Old Highways - Learning to Drive

In doing the reading about the old DFW Interurban rail line for the previous piece, I ran across a number of opportunities to answer some long unanswered questions about roads and highways around the DFW area that I recalled from childhood. My road memories predate the D-FW Turnpike, I-820, LBJ, the Airport Freeway, and all the Interstate Highway system.

After WWII Air Corps service and further service during the Korean War, Dad bought his first house east of Ft. Worth just off Hwy 183. A few years later, he built his move up house near EHHS. My grandmothers, both widows, lived in Dallas; one in Oak Cliff and the other near White Rock Lake. Many of our Sundays in the 1950s were spent visiting one or both of the grandmothers, so I had plenty of road time on the old highways at an early age.

Two uncles lived in Corpus Christi and since that meant a free place to stay when we wanted a beach vacation on Padre Island, we made that long trip numerous times before the Interstates were built. I recall seeing old sections of abandoned highway pavement running beside the existing roadways and often wondering about them. Dad’s answers were always clipped and none too informative. I don’t think he knew much about the old roads himself…in his Depression-era childhood there wasn’t much money for elective motoring.

The old roadways shown above are very similar to the abandoned bits of pavement I recall seeing as a boy. One of my first cross country trips as a new driver was on the highway west to Weatherford about 1961, which was then still one of the original brick roads, like the left one above…and rough as a cob—I remember it well. Most of the remnants of the later concrete pavement, I recall seeing in the Meadowbrook-Handley area along Hwy 80.

Like the Interurban, the old highways were put down and obsolete before our time. What we saw was the post-WWII transition from the early 2-lane U.S. highway system to 4-lane divided highways, which then gave way to the Interstate limited access system we’ve been using since the 1960s. All those highway right of ways essentially used the same routes originally laid down starting about 1915. The 1957 Turnpike was an exception as it was laid down on an entirely new right-of-way. Both the Turnpike and 183 were huge improvements over our old Hwy 80, and effectively replaced the old Dallas-Ft. Worth Pike.

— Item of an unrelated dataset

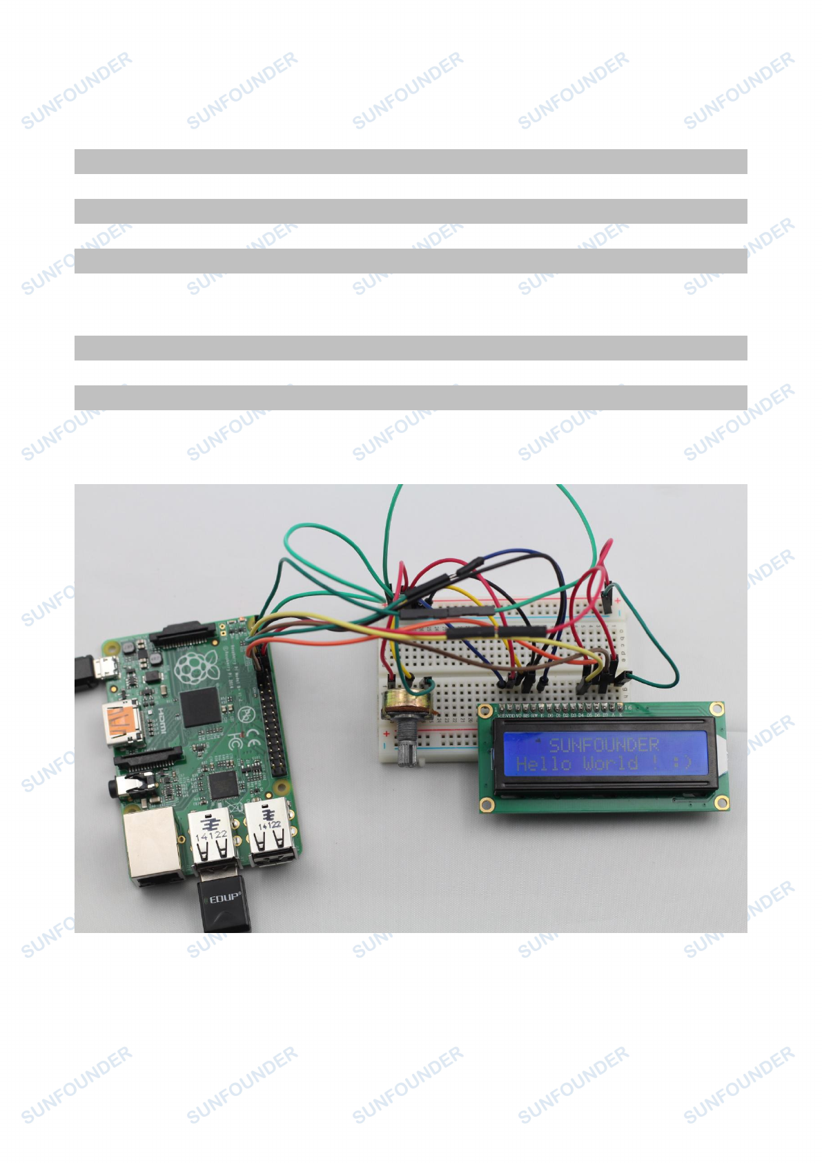 You should see two lines of characters displayed on the LCD1602: "SUNFOUNDER" and "Hello

The maps below show the first 2 iterations of the highway (Hwy 80/East Lancaster) that passed through our Eastside neighborhood. The first route was called the Dixie Overland Highway and dated to 1915-1927. It was privately funded. Starting about 1926, the Dixie Highway was made a part of the U.S. highway system and renamed U.S. 80.

I think TX 183, today's Airport Freeway, was the earliest 4-lane divided highway built between Ft. Worth and Dallas and the first new highway built to augment U.S. 80 between the two cities. I remember riding my bike alongside it in the mid-fifties and it was a 4-lane divided highway then. A few years later, after getting my drivers license in 1961, I recall driving to Dallas on 183 and it being a nice, quiet country drive. This was before Cowboy Stadium, DFW Airport, or much of anything else was built beside it. I’m sure there was a turnoff to Arlington somewhere out there, but until reaching Loop 12, there just wasn’t much traffic.

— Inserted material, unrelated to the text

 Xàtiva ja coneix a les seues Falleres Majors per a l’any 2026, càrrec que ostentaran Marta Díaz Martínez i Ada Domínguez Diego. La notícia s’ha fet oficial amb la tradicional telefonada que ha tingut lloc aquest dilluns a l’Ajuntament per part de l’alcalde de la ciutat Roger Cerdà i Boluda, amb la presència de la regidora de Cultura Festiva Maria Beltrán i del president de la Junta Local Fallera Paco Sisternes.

“Old Highway 80” as my dad called it, was a different story. Since it had been in service for about 40-years when we attended EHHS, a lot of commercial building had taken root along its path through Arlington and Grand Prairie. I drove to Dallas on 80 a few times and recall it as a slow, stop and go effort dotted with a lot of stop lights. I also recall seeing a lot of 1930s vintage gas stations.

Believe it or not, I really learned to drive when I was 13 or 14. Dad’s new house wasn’t quite ready when school at Meadowbrook started, but he wanted me to start the year there, so he rode shotgun while I drove the 2-lane back roads through the Trinity River bottoms between NE Ft. Worth and Meadowbrook. There was nothing out there then, so the roads were very quiet. It was there that I got about 30-minutes of driving time each morning and learned to keep the car going straight. By the time I was 16, I had quite a bit of time behind the wheel…imagine trying to do that today!


Adios

1 comment:

Parsa said...

The red and white DH marker was for the Dixie Highway, which went from Michigan to Florida. The Dixie Overland Highway was a red, white and blue marker: red DOH on white set inside a blue border.